Since it is normal distribution is symmetric, it is Metropolis algorithm. Then the ratio would be:

\[r = \frac{p(\mu^*, (\sigma^2)^* \mid y)}{p(\mu^{t-1}, (\sigma^2)^{t-1} \mid y)} = \frac{p(\mu^*)p((\sigma^2)^*) p(y \mid \mu^*, (\sigma^2)^*)}{p(\mu^{t-1})p((\sigma^2)^{t-1}) p(y \mid \mu^{t-1}, (\sigma^2)^{t-1})}\]

Recall the likelihood:

\[p(y \mid \mu, \sigma^2) \propto \frac{1} {(\sigma^2)^{n/2}} exp(-\frac{1}{2\sigma^2}((n-1)s^2 + n(\mu - \bar y)^2)), \;\;where \; s^2 = sample \; variance\]

We are going to use the Flint water data, where \(y_i\) is log of first-draw lead level.
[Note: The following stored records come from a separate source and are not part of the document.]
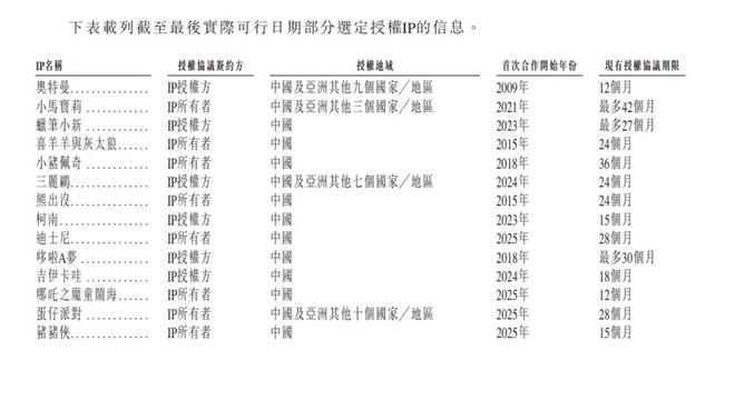 据金添动漫招股书,截至最后实际可行日期,金添动漫与奥特曼IP、喜羊羊与灰太狼IP、小猪佩奇IP及小马宝莉IP所有者合作已分别达16年、10年、7年和4年;现有授权协议期限依次为12个月、24个月、36个月和最多42个月。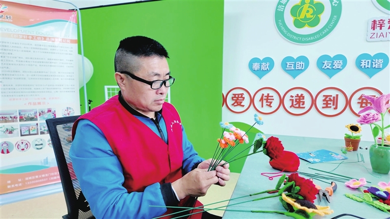 “托养中心有很多残疾人朋友都锻炼得特别好,现在我也和他们一起坚持锻炼,康复效果很好。”张永国告诉记者,经过残联组织的技能培训,他现在已经能独立完成手工作品摆件,在集市上售卖时得到了大家的认可,他想办一个手工工作室,帮助更多残疾人士的同时也为社会创造一些价值。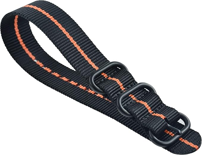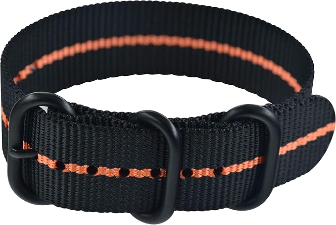 22mm 黒/オレンジ 厚いナイロン タイプ 腕時計ベルト替えバンド マット仕上げのバックル 3リング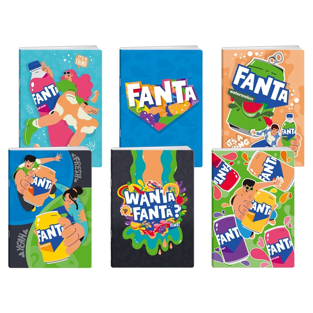 Premium 50, A4 notebook with UV varnish and double-line ruling, 50 sheets. Trendy Fanta-themed covers in assorted designs deliver high shelf impact. UV-coated cover enhances gloss and helps resist scuffs. Smooth paper supports everyday writing—reliable for school and office assortments.

The R codes are from lecture STAT598 ABM.

data = read.table("flint-data-simple.txt", sep='\t', header = TRUE)
n = nrow(data)
y = log(data$FirstDraw)
s.2 = var(y)
ybar = mean(y)

# set for convenience
mu0 = 1.10
tau.2.0 = sigma.2.0 = 1.17
nu0 = 1

We first get simple statistics, and set some variables for convenience. That is,

\[\mu_0 = 1.1, \tau_0^2 = \sigma_0^2 =1.17, \gamma_0 = 1\]

# inverse chi square
dinvchisq = function(x, df, scale){
  if(x>0)
    ((df/2)^(df/2) / gamma(df/2)) * scale^df * x^(-(df/2+1))*
    exp(-df*scale/(2*x))
  else 0
}

# normal likelihood
likelihood = function(mu, sigma.2){
  sigma.2^(-n/2) * exp(-(n-1)*s.2/(2*sigma.2) )*exp(-n/(2*sigma.2)*(mu - ybar)^2)
}

# ratio
ratio = function(mu.prop, sigma.2.prop, mu.old, sigma.2.old){
  dnorm(mu.prop, mu0, sqrt(tau.2.0)) * dinvchisq(sigma.2.prop, nu0, sigma.2.0) * likelihood(mu.prop, sigma.2.prop) / (dnorm(mu.old, mu0, sqrt(tau.2.0)) * dinvchisq(sigma.2.old, nu0, sigma.2.0)*likelihood(mu.old, sigma.2.old))
}

Then we defined inverse chi square density function, likelihood function, and ratio function for future use.

n.sim = 1000
mu.sim = numeric(n.sim)
sigma.2.sim = numeric(n.sim)
accept.prob = numeric(n.sim - 1)

rho = 0.01

## setting start value
mu.sim[1] = 2
sigma.2.sim[1] = 2.5

Now set up 1000 iterations(n.sim) and make empty vector for simulated mean and sigma, and acceptance rate.

for(t in 2:n.sim){
  # proposal mu and sigma
  mu.prop = rnorm(1, mu.sim[t-1], sqrt(rho))
  sigma.2.prop = rnorm(1, sigma.2.sim[t-1], sqrt(rho))
  
  # calculate ratio
  accept.prob[t-1] =
    min(ratio(mu.prop, sigma.2.prop, mu.sim[t-1], sigma.2.sim[t-1]), 1)
  
  # accept
  if(runif(1) < accept.prob[t-1]){
    mu.sim[t] = mu.prop
    sigma.2.sim[t] = sigma.2.prop
  } else{
    # reject
    mu.sim[t] = mu.sim[t-1]
    sigma.2.sim[t] = sigma.2.sim[t-1]
  }
  
}

First using proposal ratio, we get new parameters of \(\mu^*\) and \((\sigma^2)^*\). Then by evaluating ratio value, we determine whether accept or not the proposal parameters. If accepted, we draw new samples from newly proposed parameters.

# acceptance rate
mean(accept.prob)
[1] 0.5335643

plot(mu.sim, sigma.2.sim, type="p")
for(i in 1:(n.sim-1)){
  segments(mu.sim[i], sigma.2.sim[i], mu.sim[i+1], sigma.2.sim[i+1])
}

As an acceptance rate, we got about 0.53, which is fairy high. And plot of simulated \(\mu\) and \(\sigma^2\) seems somewhat stationary.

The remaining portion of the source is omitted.